G-live, I tried several different options..distributor, lbs, but they all just sell the whole post and no parts. This was confirmed by the main office. My situation wasn't covered under warranty, but yours might. Use the email I listed in the thread and you will get the help you need. Here is the list of parts they sent me with prices:

Triangle piece: USD15/PRs
Alloy Cradle: USD10/PCs
Carbon Fiber Cradle: USD36/PCs

They will ship straight from the factory in Tiawan. Will update you when mine arrives. I have the carbon, but also ordered the alloy cradle to try.


----------



## Soya (Jun 22, 2007)

Soya said:


> Is that a british phone number? I'll try the email.


No response in 4 days from the email. Must have a flag on my email or something:madman:


----------



## ASpot13 (Apr 4, 2007)

I just purchased a Carbo EL in the 27.2/400mm size. Weight was 129g on the scale. Quick question though, what size are the ti bolts as I don't think mine are long enough to work with my seat. Thanks!


----------



## zburt (Jun 9, 2007)

Parts arrived in under a week! Pretty good service. Will put back together, weight and ride!


----------



## gertfe (Apr 9, 2009)

i use KCNC ti pro lite, whit SLR tt, and no problems, 

next change woodman seat post..


----------



## G-Live (Jan 14, 2004)

How much do the 2 top clamps and bolts weigh? I ended up buying a Sette apx alloy. Weighed it at 250 grams. The post without the head hardware ended up being 170 grams. I was able to cut and shave the head parts, not too aggressively, and I am down to about 220. I am thinking new top clamps (maybe have some made) will get me in the 200 range which will be pretty good for a $23.00 post. I only wish their carbon post was longer...

G


----------



## zburt (Jun 9, 2007)

Went with the aluminum top piece for some extra durability. Cut the post and is now with new aluminum top piece a total weight of 119g in a 31.6mm.
Carbon top piece: 9g
Aluminum top piece: 15g


----------



## Broccoli (Jun 11, 2008)

Do not know about Woodman post, but just have cracked bolt head on their seat clamp - while tightening it with a torque wrench. I guess I side loaded it a bit. Those things are not too robust.


----------



## nino (Jan 13, 2004)

*once again...*



Curmy said:


> Do not know about Woodman post, but just have cracked bolt head on their seat clamp - while tightening it with a torque wrench. I guess I side loaded it a bit. Those things are not too robust.
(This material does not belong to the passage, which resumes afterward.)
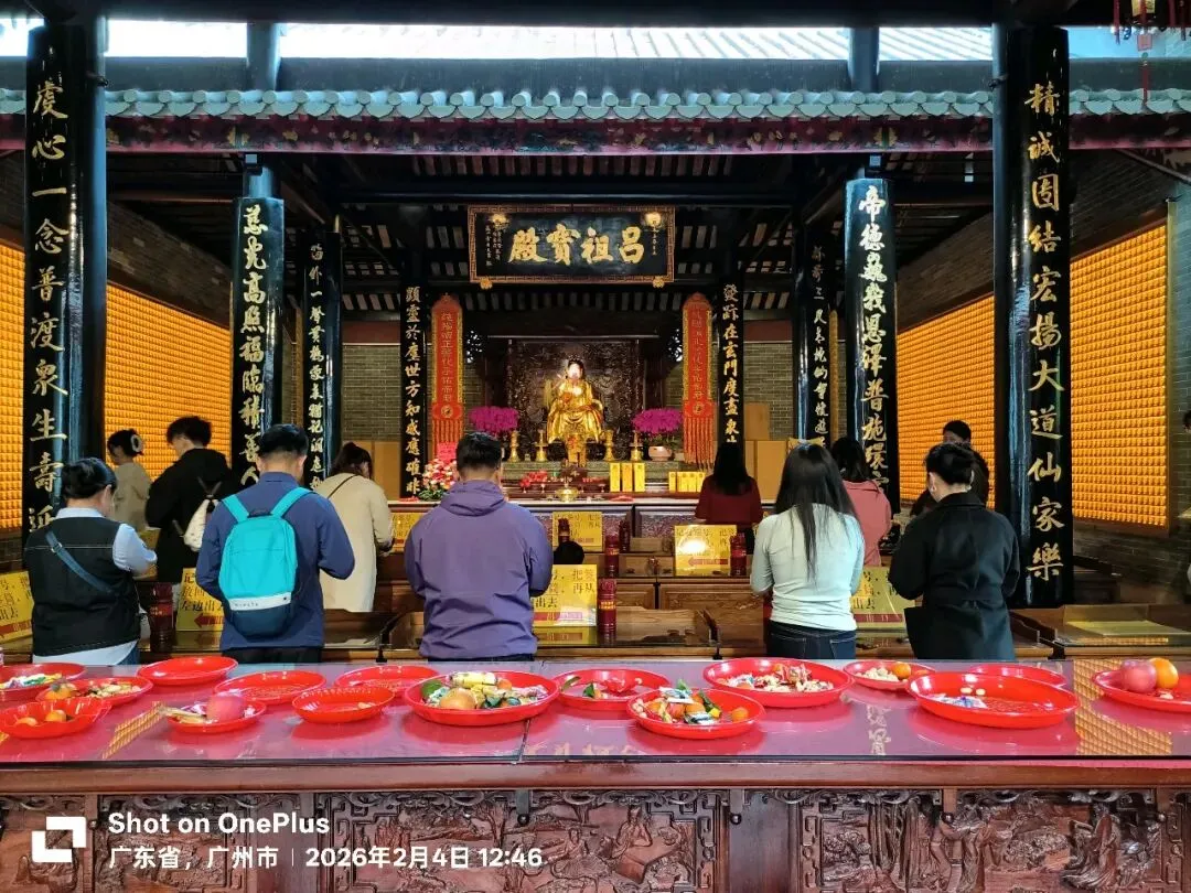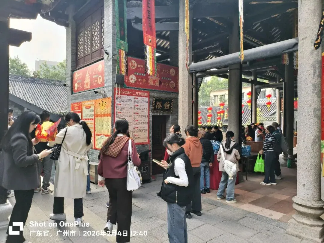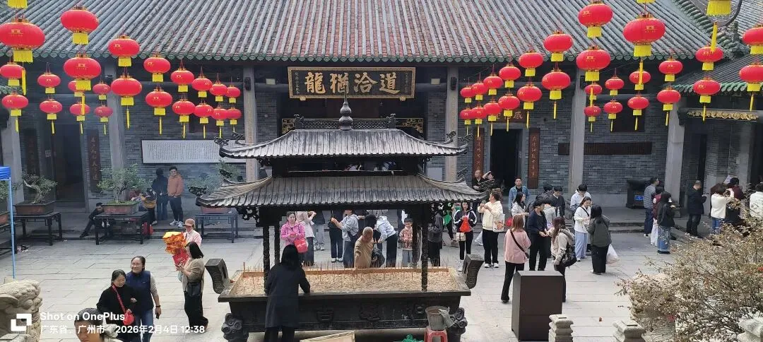 又是利用午休时间骑行广州老城,本想去越秀公园看花灯,经过三元宫,眼见人头攒动,察觉异常,工作日的大中午怎么会有这么多人?正当我纳闷时,身边恰好有外地游客经过,驻足观察,也生出了兴趣,但要赶着去看中山纪念堂,决定晚点再来。

People using torque wrenches in my eyes are....sorry - it just shows lack of feel. It makes me doubt on some guys wrenching capabilities. Just my thoughts and they got just prooven again.


----------



## Broccoli (Jun 11, 2008)

nino said:


> People using torque wrenches in my eyes are....sorry - it just shows lack of feel. It makes me doubt on some guys wrenching capabilities. Just my thoughts and they got just prooven again.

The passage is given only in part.